The launch comes at a time when the government is encouraging the private sector to invest in the import and distribution of LPG as a clean alternative to electricity for cooking. LPG is a byproduct from the refining of petroleum.

In his opening speech, Union Minister for Electricity and Energy U Win Khaing said wide adoption of LPG for cooking can help the country save a significant amount of electricity.

Currently, the MOEE produces LPG at two State-owned plants in Minbu and Nyaungdon. Meanwhile, LPG is also imported from Thailand via the Myanmar-Thai border. So far though, supply has not been sufficient to meet demand, particular from the residential space, and costs are high.

As such, the government will now rely on LPG imports to meet the shortfall in supply. “If LPG can be supplied to the rural areas, it will also reduce the use of firewood for cooking in addition to helping save electricity in Myanmar,” said U Win Khaing.

Among the other companies involved in importing and distributing LPG are Parami Energy Group, which last year won a K6.5 billion government tender to lease a jetty and storage facility at the Thanlyin refinery in Yangon Region. Once ready, the facility could add up to 20,000 tonnes of LPG to the Myanmar market.

Last month, Asia AVA Gas Company, a Myanmar-Singapore joint venture, said it would partner the Myanmar Petroleum Enterprise (MPE)to undertake a $60 million project enabling the import, storage and distribution of LPG in Myanmar.

The project will include construction of a jetty, storage tanks, loading and unloading facilities and a gas-filing plant across 32 acres of land near Bogyoke Village, which is also in Thalyin township.

To date, Myanmar has granted nearly 600 LPG licences to a range of commercial businesses, according to U Zaw Aung, director general of the Oil and Gas Planning Department under the MOEE.

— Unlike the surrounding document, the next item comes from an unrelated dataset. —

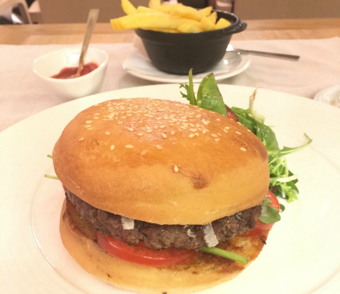 The Organic Burger with Parmesan sounds fancy. And they charge a fancy price. It was 260 CZK, plus 65 CZK for fries. One expects excellence from a famous chef like Zdeněk Pohlreich. But this pretentious burger had no true charm. I sent the first one back because the meat was barely room temperature, and the bun was cold. Even if I consider only the second burger, which was warm, but not hot, I did not like it. The patty was dry and under-seasoned. It may be high-quality ground beef, but it lacked the fat content to give it the right texture and flavor. The patty dripped juice, but was dry inside. The tomato confit was similar to sun-dried tomato spread. There was a scattering of cheese that looked more like a few little snowflakes. The whole thing was bland. I added so many twists from the salt-and-pepper grinders, I felt a case of carpal tunnel coming on. The large bun was dense and spongy. I got bored with all the chewing and did not finish it. The only real positive: the fries were great. For this kind of money, I expect to smile at more than just the fancy room.

The MPE, also under the remit of the MOEE, has granted operating licenses to 15 LPG filling stations across Yangon, Myawady, Mandalay, Shan State and Tanintharyi Region, according to Daw Yee Yee Khin, deputy director at the production department of the MPE.

Supply & Demand

With the additional infrastructure and investments, the World LPG Association reckons LPG supply may well exceed demand over the next seven years.

Myanmar consumes the least LPG compared with other neighbouring countries in the region. The monthly consumption of LPG in Myanmar is only around 6,000 tonnes, said U Aung Thet Mann.

As such, Myanmar could be using LPG extensively as an energy source over the next 10 years if it is managed and distributed well, said U Aung Thet Mann.

Already, foreign experts have been recruited to advice on developing a system of safety standards and regulations and share knowledge with local stakeholders on distributing and using LPG.

While LPG may still be expensive owing to the added costs of storing and transportation, prices are expected to come down as demand and supply finds a balance in the coming years.